Already on GitHub? Sign in to your account

RichProgressCallback would break model evaluation and prediction #1495

Closed
eggry opened this issue Mar 31, 2024 · 1 comment · Fixed by #1496
Closed

RichProgressCallback would break model evaluation and prediction #1495

eggry opened this issue Mar 31, 2024 · 1 comment · Fixed by #1496

Comments

@eggry
Copy link
Contributor

eggry commented Mar 31, 2024

Hi! It's awesome to have a CLI for trl.
However, there seems to be a problem with the newly introduced ProgressCallback. This issue affects both the evaluation and prediction stages.

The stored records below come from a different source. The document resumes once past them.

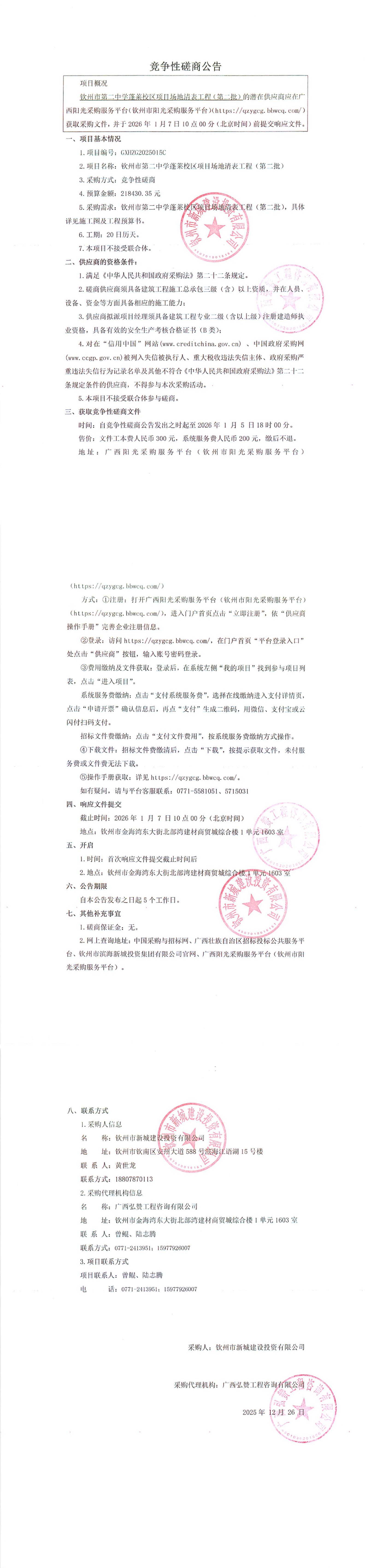 競爭性磋商公告(欽州市第二中學(xué)蓬萊校區(qū)項目場地清表工程(第二批))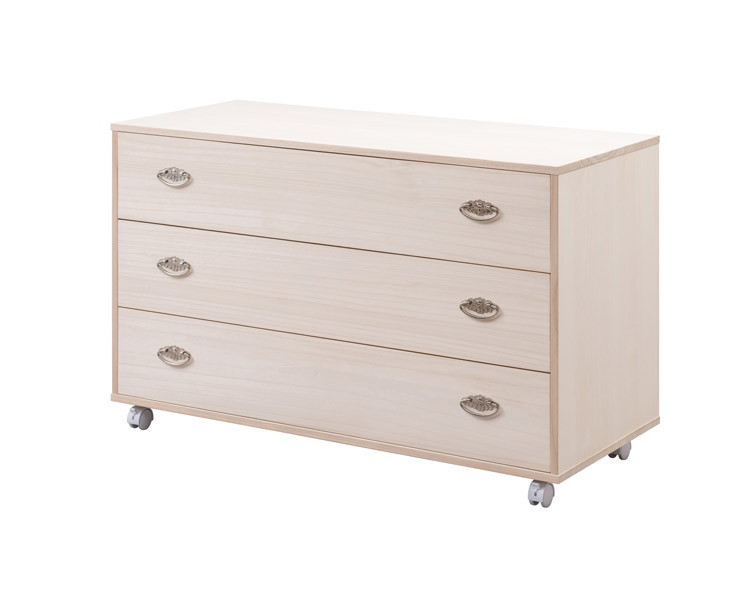 シルバー取っ手が華やかな桐クローゼットチェスト 幅99.5 奥行44 高さ61cm 3段タイプ キャスター付き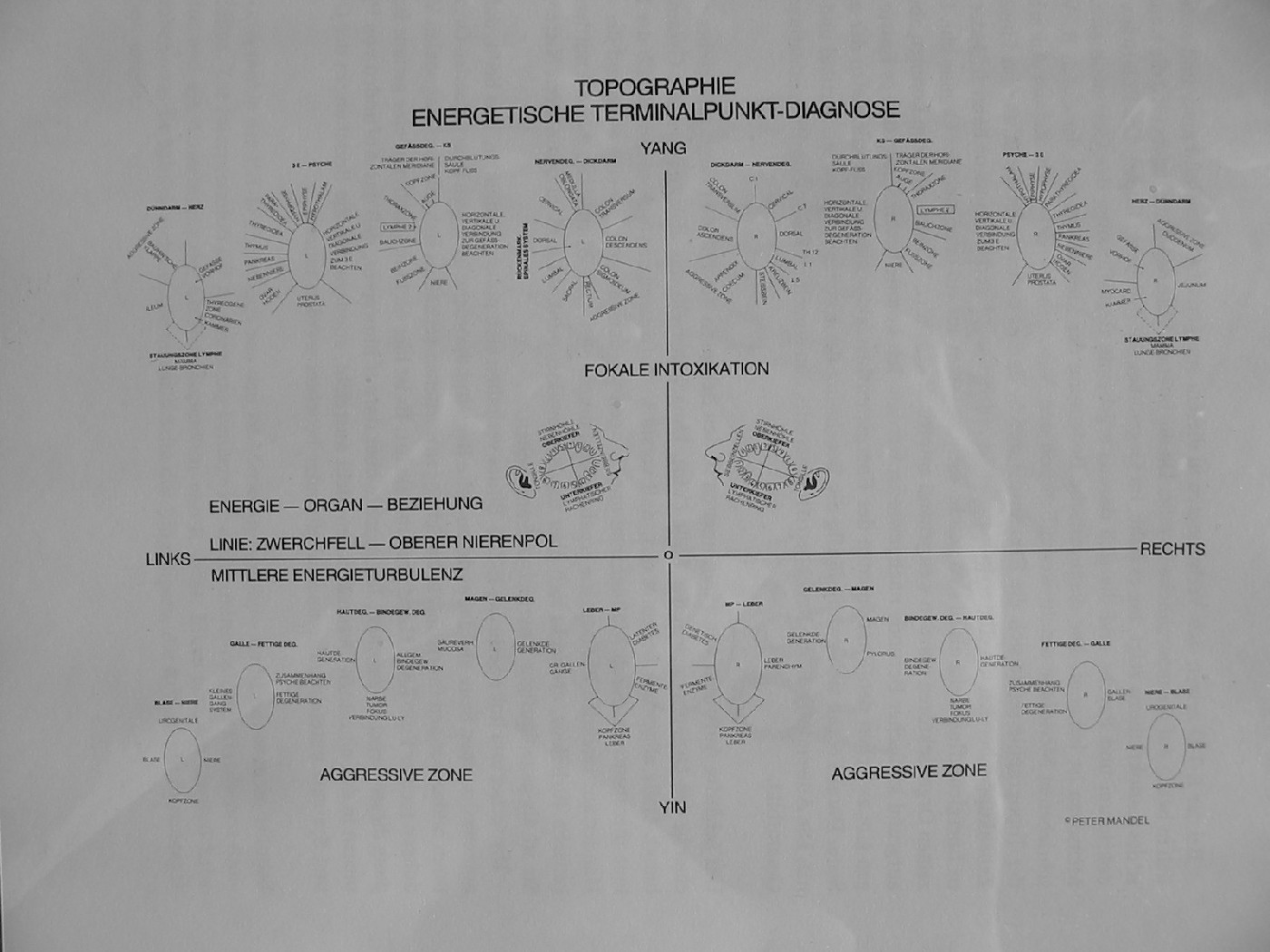 Теперь давайте посмотрим на настоящую немецкую таблицу Манделя, которую я перевёл из его книги "Energetische Terminalpunkt-Diagnose", которая является настольной библией всех тех, кто работает по методу Манделя. Прилагаю сканкопию сводной таблицы анатомической топографии энергетического акупунктурного диагноза Манделя из этой книги. (Сканкопия большая, поэтому не показывается картинкой в окошке вложений – грузите на свой комп и смотрите сами).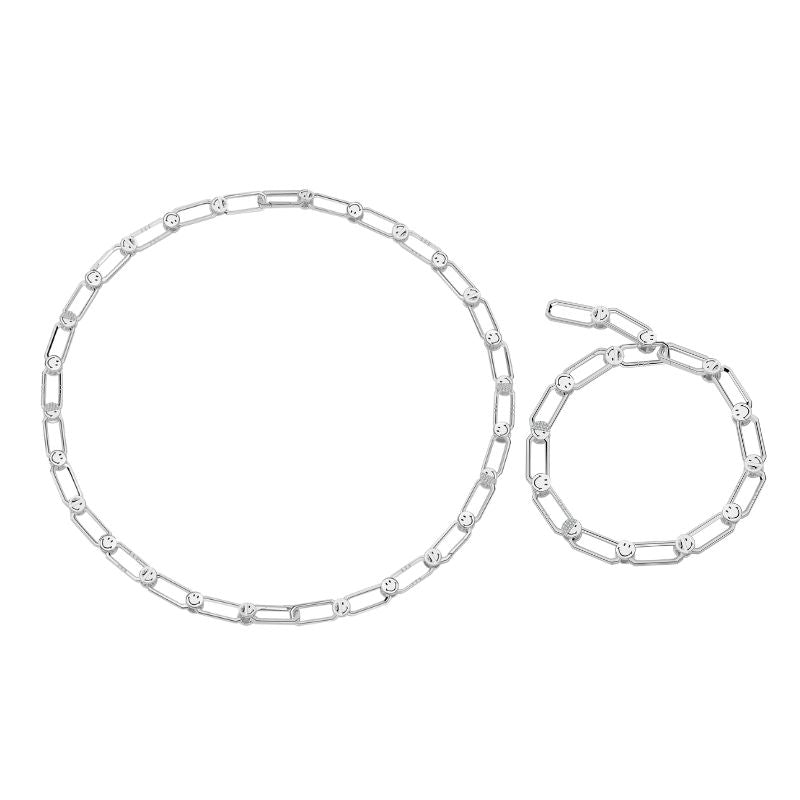 A bold and versatile statement, the Silver Oliver Smiley Link Set combines the signature Oliver Smiley Link Necklace and Bracelet for a cohesive, modern look. Crafted from recycled sterling silver, this set features Smiley face details seamlessly integrated into a structured link chain, offering a playful yet sophisticated aesthetic. With a tailor-made closure, this set allows for an adjustable fit and effortless styling.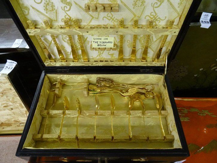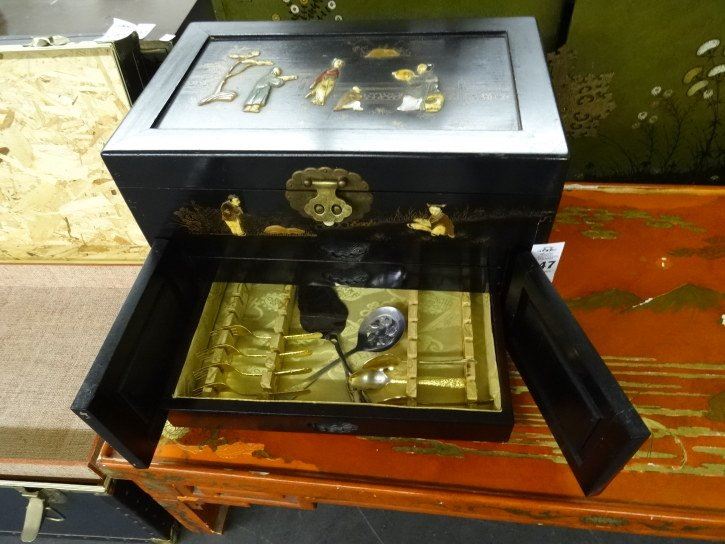 Gold Tone Flatware in Mother of Pearl Oriental Accent Box

To reproduce the issue, simply run

trl sft --model_name_or_path facebook/opt-125m --dataset_name imdb --output_dir opt-sft-imdb --evaluation_strategy steps --eval_steps 1

this would leads to the following error message:

Traceback (most recent call last):
  File "**************/lib/python3.11/site-packages/trl/commands/scripts/sft.py", line 148, in <module>
    trainer.train()
  File "**************/lib/python3.11/site-packages/trl/trainer/sft_trainer.py", line 360, in train
    output = super().train(*args, **kwargs)
             ^^^^^^^^^^^^^^^^^^^^^^^^^^^^^^
  File "**************/lib/python3.11/site-packages/transformers/trainer.py", line 1780, in train
    return inner_training_loop(
           ^^^^^^^^^^^^^^^^^^^^
  File "**************/lib/python3.11/site-packages/transformers/trainer.py", line 2193, in _inner_training_loop
    self._maybe_log_save_evaluate(tr_loss, grad_norm, model, trial, epoch, ignore_keys_for_eval)
  File "**************/lib/python3.11/site-packages/transformers/trainer.py", line 2577, in _maybe_log_save_evaluate
    metrics = self.evaluate(ignore_keys=ignore_keys_for_eval)
              ^^^^^^^^^^^^^^^^^^^^^^^^^^^^^^^^^^^^^^^^^^^^^^^
  File "**************/lib/python3.11/site-packages/transformers/trainer.py", line 3365, in evaluate
    output = eval_loop(
             ^^^^^^^^^^
  File "**************/lib/python3.11/site-packages/transformers/trainer.py", line 3586, in evaluation_loop
    self.control = self.callback_handler.on_prediction_step(args, self.state, self.control)
                   ^^^^^^^^^^^^^^^^^^^^^^^^^^^^^^^^^^^^^^^^^^^^^^^^^^^^^^^^^^^^^^^^^^^^^^^^
  File "**************/lib/python3.11/site-packages/transformers/trainer_callback.py", line 410, in on_prediction_step
    return self.call_event("on_prediction_step", args, state, control)
           ^^^^^^^^^^^^^^^^^^^^^^^^^^^^^^^^^^^^^^^^^^^^^^^^^^^^^^^^^^^
  File "**************/lib/python3.11/site-packages/transformers/trainer_callback.py", line 414, in call_event
    result = getattr(callback, event)(
             ^^^^^^^^^^^^^^^^^^^^^^^^^
  File "**************/lib/python3.11/site-packages/trl/trainer/utils.py", line 783, in on_prediction_step
    self.prediction_bar.update(self.prediction_task_id, advance=1, update=True)
  File "**************/lib/python3.11/site-packages/rich/progress.py", line 1425, in update
    task = self._tasks[task_id]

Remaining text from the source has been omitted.